Italy chose its Army to be the sole grower of marijuana for medical purposes to cut costs. However, Italian patients still suffer from pain. Cannabis is expensive and only comes in small supplies.
Italy, where the army is the de facto cultivator of marijuana, had ordered 100 kilos in November from abroad due shortage in the country, the local Il Fatto Quotidiano daily reported on Friday.
“[Marijuana] stocks had run out, and patients were left without drugs,” wrote Susanna Marietti, a reporter at il Fatto Quotidiano. “The Italian government ordered 100 kilos of cannabis from abroad,” she added.
Like many other countries in western Europe, Italy has legalized medical cannabis in 2013 but there are many issues revolving around its production. The Italian government placed its army to be in charge of growing marijuana to cut high costs and wean off itself from Dutch imports.
But the Italian Association for Civil Liberty & Rights (CILD) reported in December that patients had to resort to the “black market and self-cultivation” as a result of the shortage of medical marijuana, The EU Observer reported on Friday.
In the EU, only Austria, the Czech Republic, Finland, Germany, Italy, Portugal, Poland and Spain currently allow medical. However, few other European countries are planning to legalize it. Using marijuana recreationally is already decriminalized in member states such as the Netherlands, Austria, Italy, and Luxembourg.
Sometimes in Europe medical and recreational marijuana are both perceived as the same.
Vincenzo Costigliola is the president of the European Medical Association which represents doctors.
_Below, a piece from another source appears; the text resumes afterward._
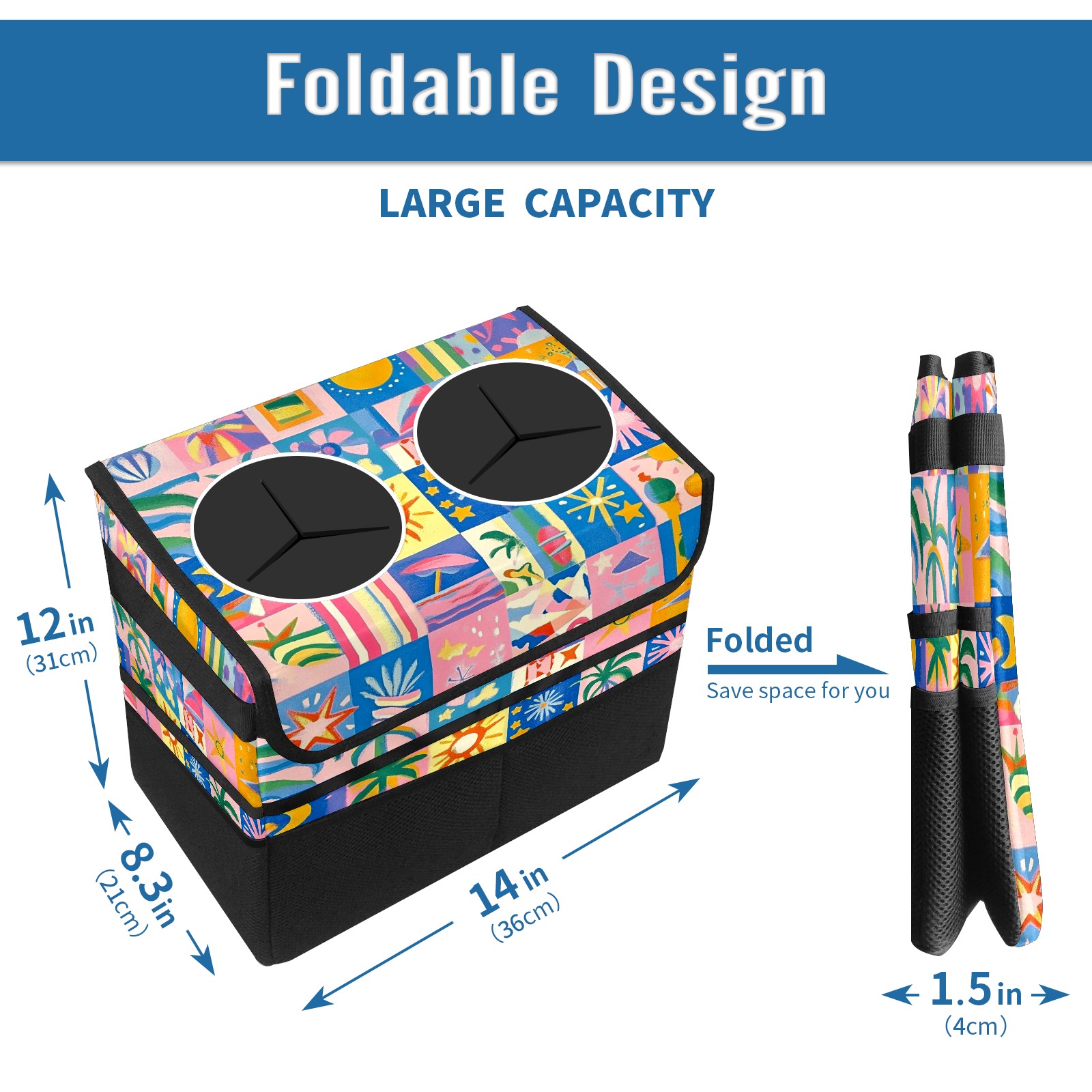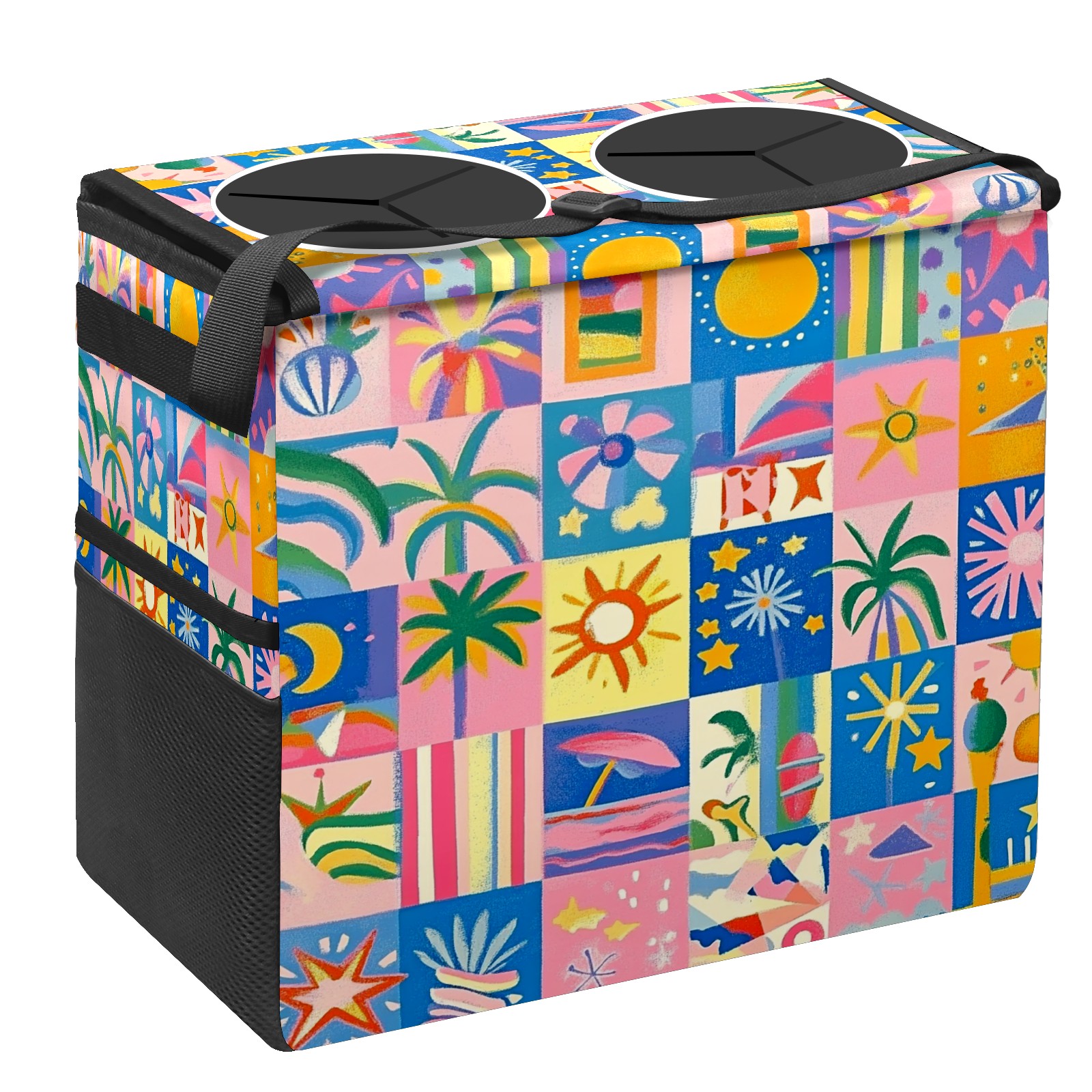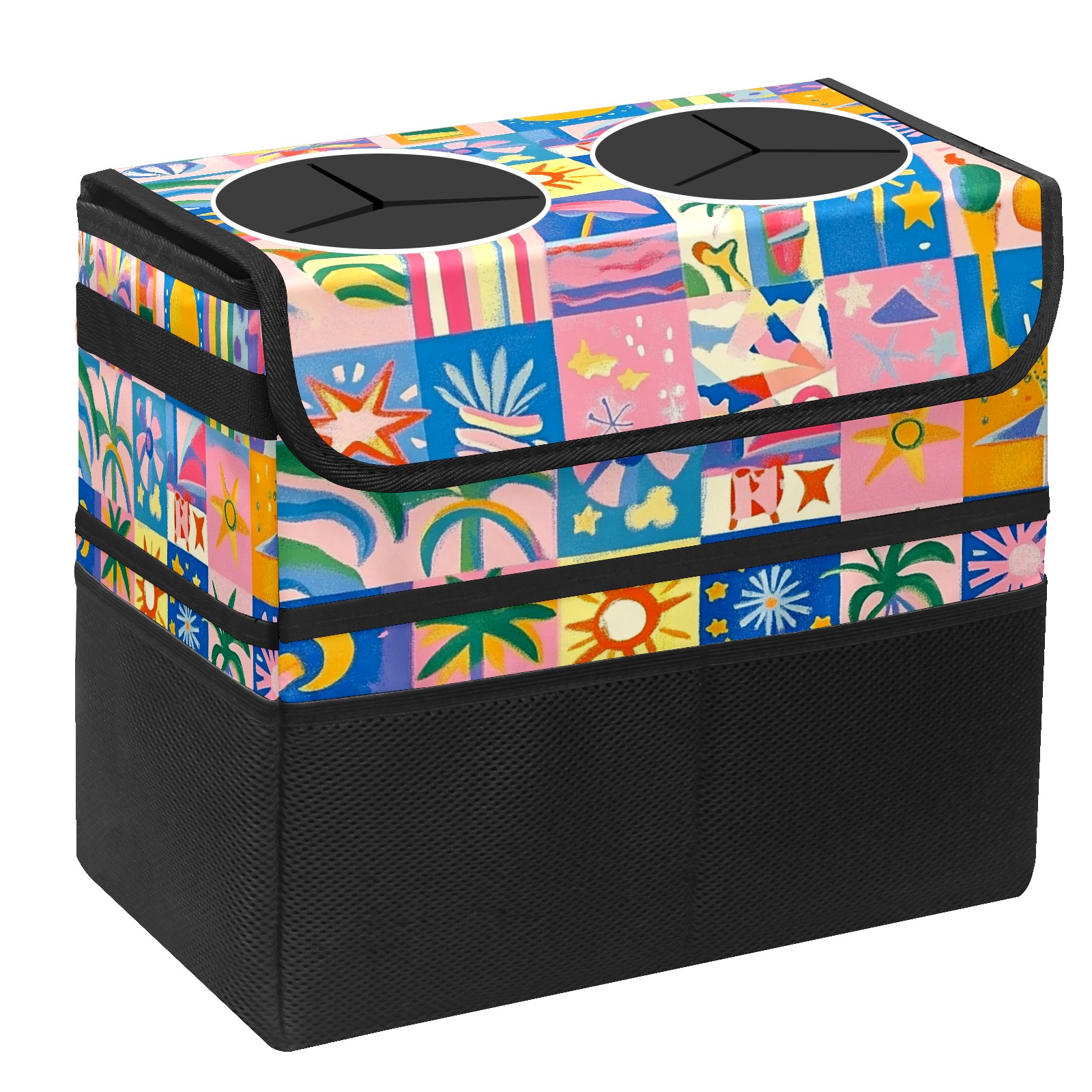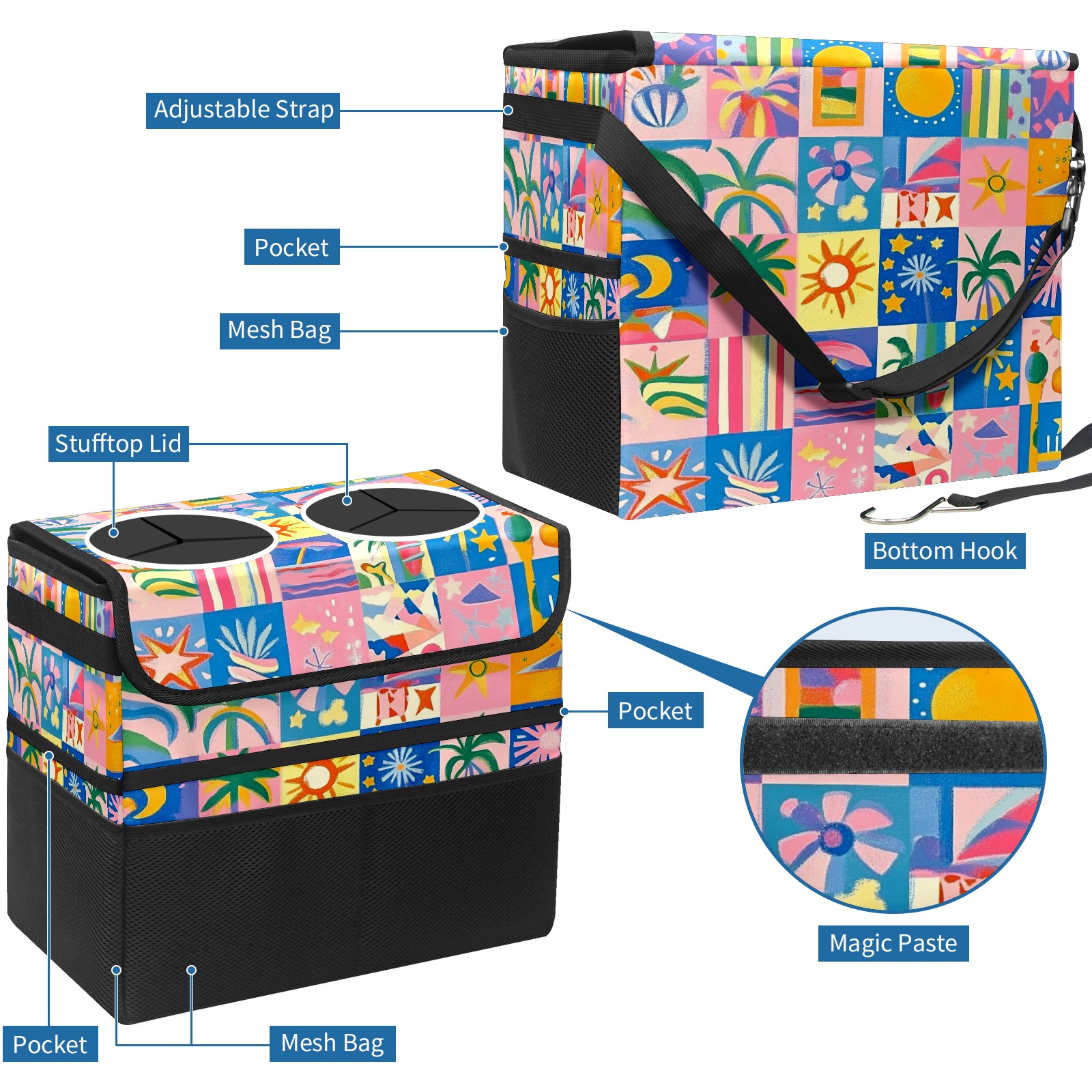 Car Trash Can with Lid, Portable Hanging Automotive Garbage Bin for Vehicles, Leakproof Waste Bag Container for SUV Truck Van Interior Auto Travel Road Trips(Vibrant And Colorful)

He said there is an improvement in terms of “growing focus” on fighting pain, and the need for medical marijuana, reported the EU Observer.
“We have moved from considering cannabis only as a drug, to rediscovering it as a medicine,” said Costigliola, reported the EU Observer.
While in the EU, there is a number of legally and socially-accepted medicines – especially pain relief drugs. Many which are chemically-related to illegal substances like opium or cocaine. The story remains different for cannabis.
There is still that “stigma,” Costigliola said.